J.P. Morgan Chase & Co. (NYSE: JPM) already has announced it will cut well over 10,000 jobs, primarily because its mortgage business has slowed. The Financial Times puts already planned cuts at as many as 15,000, which will be followed by several thousand more, it reports. If the bank’s mortgage business continues to worsen and it closes more branches, the layoffs could reach close to 20,000. The reasons for the J.P. Morgan cuts are not unique. Because they are shared with America’s other largest banks, the “downsizing” trend among these companies will accelerate.

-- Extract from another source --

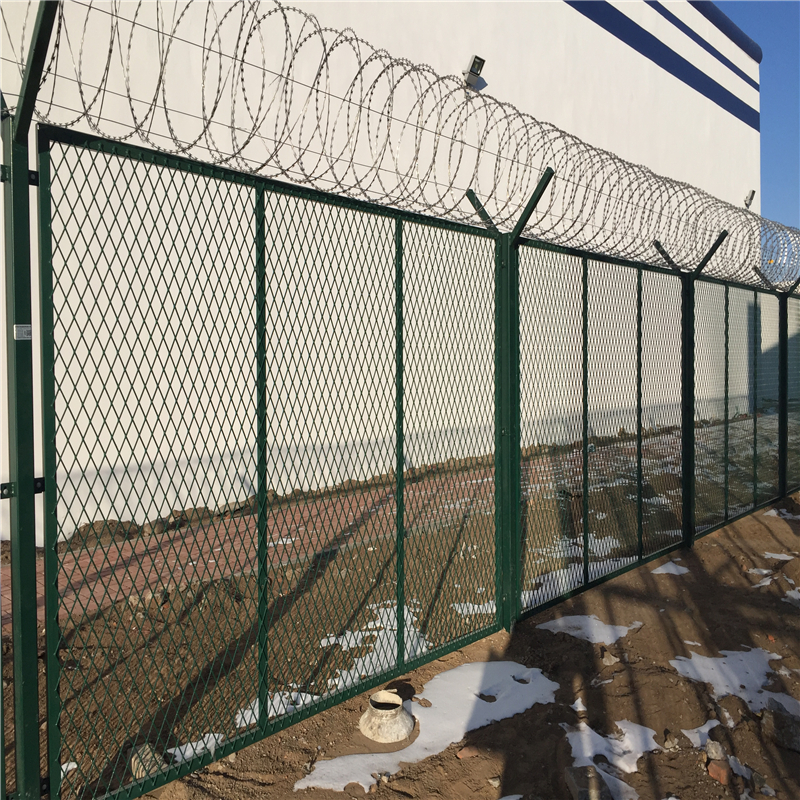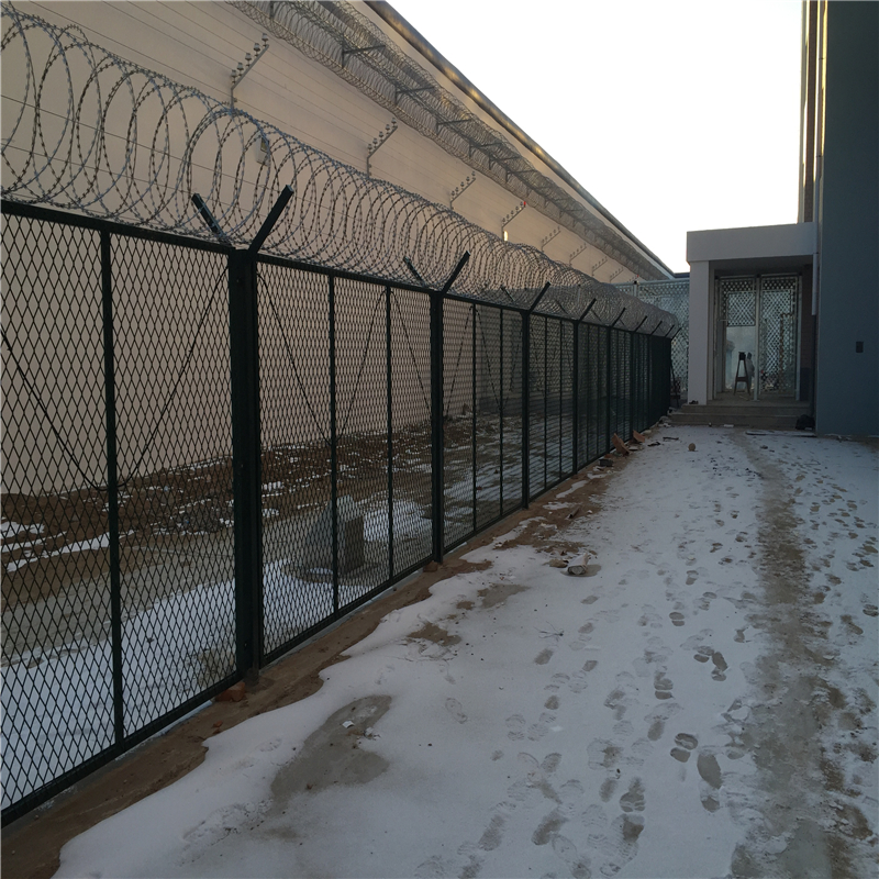 監(jiān)獄金屬隔離鋼網(wǎng)墻 看守所焊接刀片隔離網(wǎng)是非常重要的監(jiān)區(qū)安全防護(hù)設(shè)施,是由焊接鋼網(wǎng)加蛇腹形刀刺網(wǎng)組合而成。產(chǎn)品具有結(jié)構(gòu)新穎、堅(jiān)固緊密、網(wǎng)面平整、網(wǎng)孔均勻、刀鋒銳利、防攀爬、耐腐蝕性強(qiáng)等特點(diǎn)。Y型架上邊架蛇腹型刀刺:由熱鍍鋅鋼板或不銹鋼薄板沖壓出尖利的刀片狀,高張力鍍鋅鋼絲或者不銹鋼絲做芯線組合而成的阻盡器材。刀刺直徑采取50-60厘米,刀型整潔、刀片鋒利、排列均勻致密、連接堅(jiān)固、防腐才能強(qiáng),可能達(dá)到防攀越、防拆卸更高保險(xiǎn)等級(jí)。

One of the foundations of job cuts among banks is their managements’ beliefs that the bank branch has become a thing of the past. People can perform most withdrawals and deposits at ATMs. And in the age of e-commerce, customers can pay bills online, and even perform more complex transactions such as applying for mortgages. As mortgage demand falls, what better way to cover the retreat in revenue than by eliminating people in favor of the online bank?

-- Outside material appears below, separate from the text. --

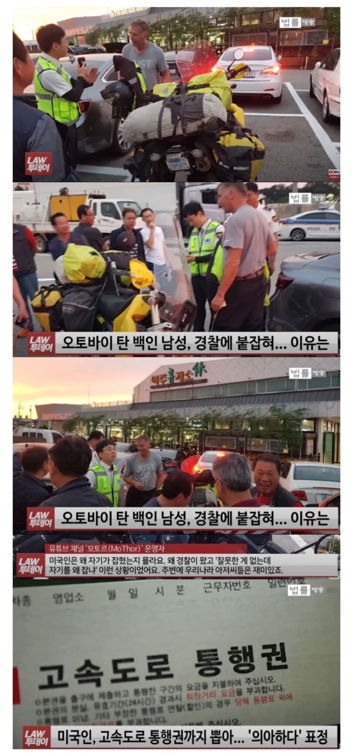 고속도로는 오토바이 못들어가는데 외국인이 모르고 들어가서 잡힘 ㅋㅋㅋ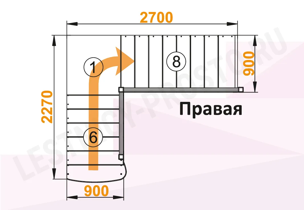 Схема лестницы К-002М/4 с поворотом направо

Armies of tellers have been part of the banking business for decades. But, in aggregate, these thousands of people, even if they are paid poorly, add up to hundreds of millions of dollars in expenses every year. On top of that, branch operations require rent, and in some cases these branches are on street corners in major cities — where rent levels are high.
J.P. Morgan may even be late to the period of mass bank layoffs, due to the radical change in retail banking. On a net basis, Bank of America Corp. (NYSE: BAC) has been closing banks for two years. So has Wells Fargo & Co. (NYSE: WFC).
J.P. Morgan may use the excuse of a contracting demand for mortgages as it fires thousands. The reason is more complicated than that. The corner bank lost its relevance a while ago, and for many customers it is not necessary at all. In sum, depositors do not have to stand in line any more.